We compared Ms. A's mean daily temperatures for the days during which she took the highest dose of olanzapine (11.25 mg/day) with all other hospital days (days 18–31 versus days 1–17 and 32–68). There were a total of 49 days for which at least one temperature reading was available. Her mean temperature was 35.53°C during the highest-dose olanzapine days, and 36.45°C on the other days. Analysis with a Student t test showed that the difference between these means was statistically significant (t=4.03, df=47, p<0.01).

Discussion

This case demonstrates a possible relationship between olanzapine treatment and hypothermia in a single patient. In general, an antipsychotic medication can be the sole cause of hypothermia, or it can be one of a number of possible causes coexisting in the individual patient who develops hypothermia. The few previously reported cases of hypothermia associated with olanzapine reflect both of these patterns. In one case, a 73-year-old woman with schizophrenia developed profound hypothermia (31.7°C) 4 hours after the administration of a single 10-mg dose of olanzapine.¹⁶ Her temperature returned to normal after cessation of the olanzapine. On other occasions the same patient had developed hypothermia while taking haloperidol or thioridazine. The patient had no known general medical causes of hypothermia other than the medications.

In a second case, an 83-year-old woman with bipolar disorder developed hypothermia (33.1°C) 3 weeks after beginning to take 5 mg/day of olanzapine.¹⁷ That case was complicated by the fact that the patient was also taking lithium carbonate, clonazepam, and trazodone. The patient's temperature normalized upon cessation of all medications. In a third case, a 37-year-old woman with Prader-Willi syndrome and psychotic symptoms developed hypothermia on two different occasions while being treated with risperidone and once after receiving a single dose of olanzapine.¹⁸ In that patient's case, there were endocrinologic abnormalities as well as infections, all of which could have contributed to the development of hypothermia. However, the same patient had previous episodes of infections while she was not taking antipsychotic medications and did not develop hypothermia during those episodes.¹⁸

In the case presented here, a patient who was taking olanzapine and who also had subclinical hypothyroidism developed hypothermia. It is possible that the hypothermia was primarily due to the thyroid abnormalities. Over the course of the hospitalization, the patient's TSH levels increased from 1.27 µU/ml to 16.99 µU/ml, and the episode of hypothermia occurred within this time interval. Moreover, her hypothermia began to resolve immediately after initiatiation of levothyroxine treatment, which was concurrent with the olanzapine discontinuation. It is well known that even in subclinical hypothyroidism there are abnormalities in peripheral indices of thyroid hormone action such as serum lipid levels and ankle reflex time.^19–21 On the other hand, hypothermia is not reported to be associated with subclinical hypothyroidism alone, and at the time that the hypothermia developed, Ms. A's unbound T₄ level was normal. Moreover, the onset of hypothermia was fairly abrupt, which might argue in favor of olanzapine's being the primary etiologic agent. Another possibility is that the presence of both olanzapine and subclinical hypothyroidism was necessary to produce hypothermia in this patient.

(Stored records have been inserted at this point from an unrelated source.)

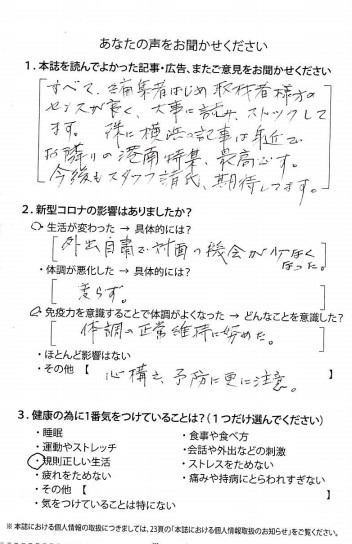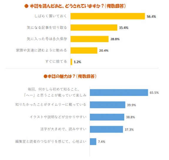 雑誌を受け取った方に「次からも読みたい」と思っていただけるクオリティを維持するため、もも百歳では毎回読者から「よかった記事」の情報収集や「最近の関心事は?」というアンケート調査を実施しています。最近の傾向として「親の相続で苦労したので、子供にはスムーズな相続をお膳立てしたい」「健康維持の為に積極的に運動している」等のアクティブかつ自立・自律的な方が増えています。それらの読者の傾向や関心事に寄り添いながら、シニアライフの情報を豊富に蓄積しているからこその「半歩先の啓蒙」というのが編集方針です。
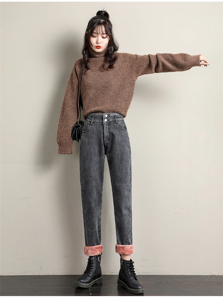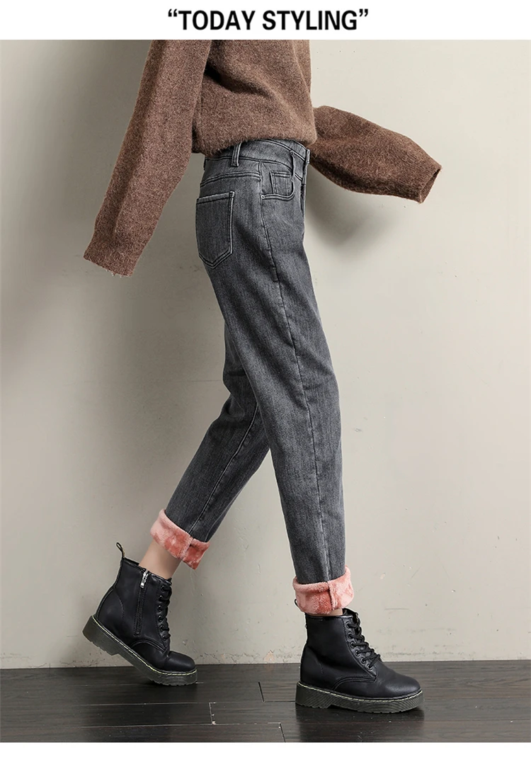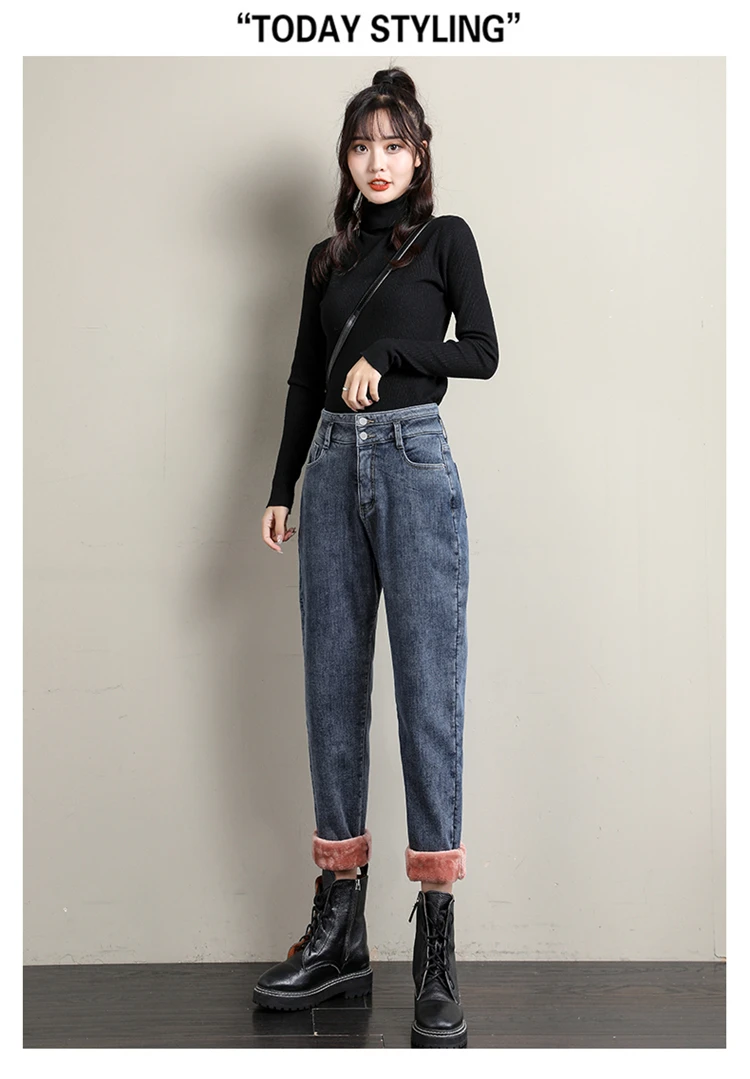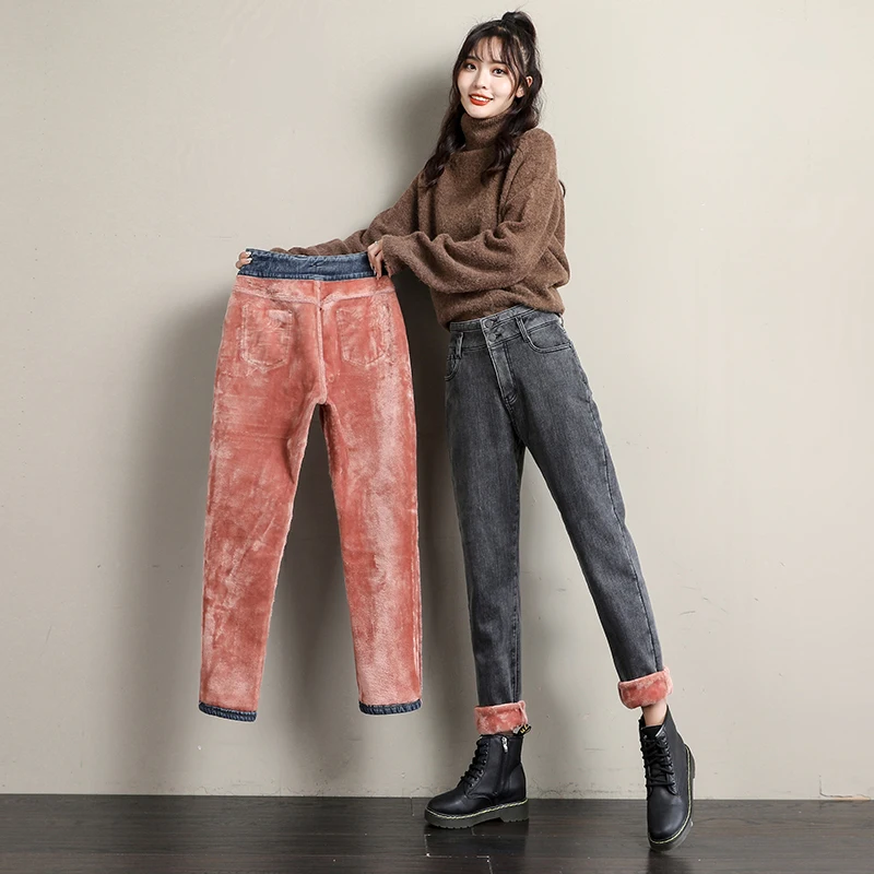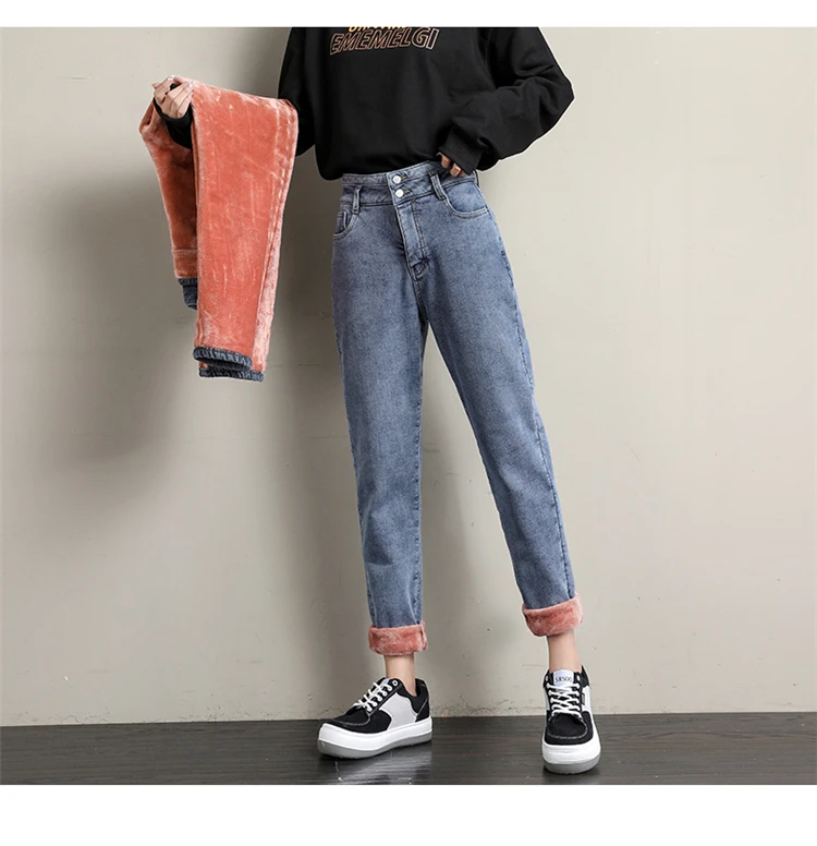 Новые зимние женские шерстяные джинсы с высокой талией плюс бархатн...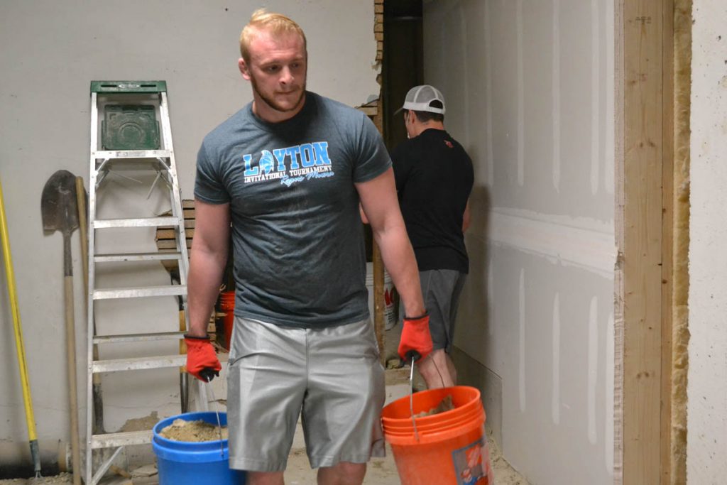 GREEN RIVER– The Western Wyoming Community College wrestling team helped out at the Tomahawk Hotel in Green River on Thursday, April 25, as construction will start soon to put in an elevator.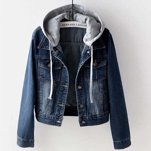 여성 2컬러 슬림핏 크롭 탈부착 후드 청 데님자켓 (HSJ-WFFL6QG)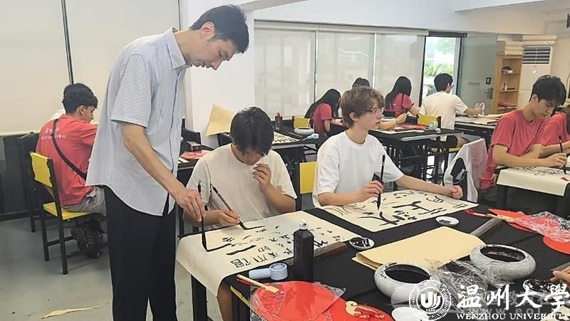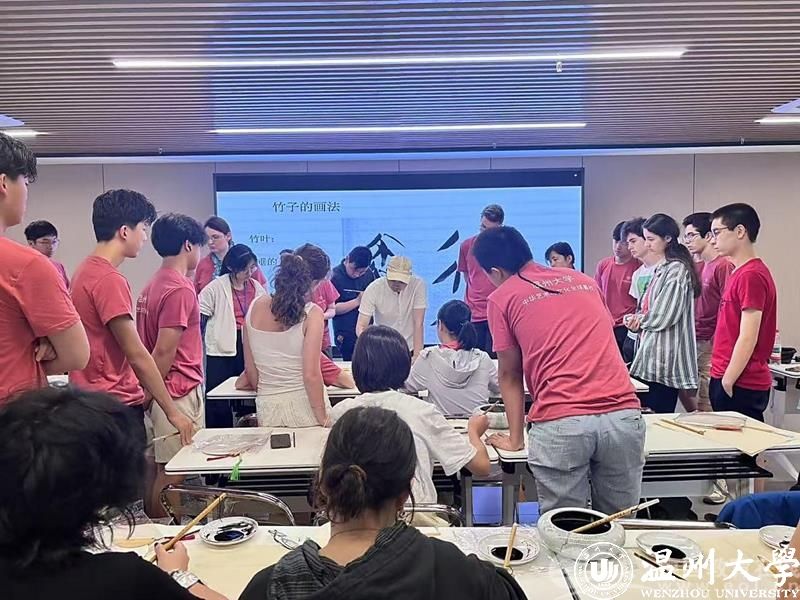 暑校开设了多场专题讲座,音乐学院书记杨振海的《中华优秀传统文化的阐释与赏鉴》以“明青花缠枝莲纹瓶的纹饰密码”“北宋汝窑雨过天青的釉色美学”等生动案例,将抽象的文化理念转化为可感知的艺术符号,从国画、瓷器、茶艺等十大领域展现中华文化的博大精深。雷竞技raybet官网入口书记刘青松则在胤秀文化温州影视基地通过摄影艺术中“留白如诗”的构图原则和“阴阳相济”的光影运用,带领营员感悟摄影中“天人合一”的东方美学理念。中国书法课堂上,高玥老师从王羲之《兰亭集序》的飘逸到颜真卿楷书的雄浑,现场示范“气韵生动”的笔墨技法。水墨画课程中,梁腾老师一步步拆解画竹的“中锋行笔”与“分组勾勒”,让营员在淡墨浓彩间体会“书画同源”的深意。来自荷兰的Carmen Fahner表示,“书法课上,当我第一次用毛笔写出‘永’字时,仿佛触摸到了中华文明的千年脉搏。”

Hypothermia in this case may have been due to gabapentin treatment. There is some evidence that gabapentin is effective in the treatment of hot flashes,²² and a case report described a high rate of hypothermic events in a patient with preexisting hypothalamic disease who was treated with gabapentin.²³ However, gabapentin is not known to have affinity for dopaminergic or serotonergic receptors, which argues against its role as the primary etiologic agent.²⁴ Moreover, in the patient described here, the increase in olanzapine dose was more proximate to the development of hypothermia than were the last changes in gabapentin dose, suggesting that the responsible agent was olanzapine.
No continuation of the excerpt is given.